What the Recent Supreme Court Copyright Decisions Mean for You
In December 2011, the Supreme Court of Canada heard an unprecedented FIVE appeals involving copyright collectives. In July of this year, the Court handed down its decisions.
To avoid being overly academic, I will not cite the specific cases but rather focus just on the direct impact that the decisions have on CMA Ontario members.
1. Any income you receive from iTunes downloads and similar services could be lower. On any given track, there is a song and a sound recording. Each song and each sound recording has its own copyright; and each copyright comprises a performing right (technically a communication right) and a reproduction right.
– The Supreme Court made it clear that SOCAN can no longer collect royalties for the incidental performance involved when a song is downloaded. The Court ruled that a download only involves a reproduction right. The reproduction right is generally licensed by your music publisher (you, if you are self-published). In turn, the licensing function is often delegated to CMRRA.
– Although the sound recording copyright was not at issue in the case, the decision also means that, for similar reasons, Re:Sound – SOCAN’s counterpart for sound recordings – cannot collect royalties for the incidental performance of the sound recording when it is downloaded. Your only source of revenue from iTunes type downloads will be your record label (you, if you are self-distributed). Because Re:Sound will receive no revenue from downloads, its member performer rights organizations (MROC and RACS) will in turn receive nothing to distribute to you.
2. The Court also agreed with the Copyright Board that “previewing” a track before purchasing it constitutes “fair dealing” because it is research. SOCAN had contended that this kind of streaming should be subject to a royalty payment, as it is in the US. Fair dealing is a concept under the Copyright Act that permits certain activities (research, news reporting, parody, among others) without royalty obligation.
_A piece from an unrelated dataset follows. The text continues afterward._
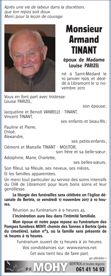 Décédé à Libramont (6800) le dimanche 12 novembre 2017 à l'âge de 88 ans

The decision shuts the door to either SOCAN or Re:Sound monetizing the activity.
3. Similar to its iTunes ruling, the Court held that downloading games that incorporate music does not entail performances. Accordingly, SOCAN is not entitled to collect royalties for the activity. Again, Re:Sound will be affected by this decision without having participated in the proceedings. Copyright owners of the songs and sound recordings can still get paid for the reproductions, but not the performances.
4. On the “plus side”, the Court held that SOCAN can continue to collect royalties for on-demand streaming, even though it was argued that such point-to-point communications were not “to the public”.
5. Finally, the Court ruled against Re:Sound’s contention that TV stations should pay Re:Sound for the performances of sound recordings embedded in TV programs and movies. This was a tariff proposal that, if successful, would have generated a lot of royalties for record labels and performers, putting them on the same footing as music publishers and composers of the same music for which SOCAN has always been paid. Unfortunately, the law that recognizes performing rights in sound recordings and performers’ performances is limited to audio-only sound recordings. Unfortunately, Re:Sound was unsuccessful in convincing the court otherwise.
The above summary of the Supreme Court decisions is a general overview and should not be taken as legal advice. If you have a specific issue that arises from this summary, you should consult a lawyer.
Craig Parks is a director on the CMA Ontario Board and sits on the Governance Committee. He is also legal counsel to MROC – Musicians’ Rights Organization Canada.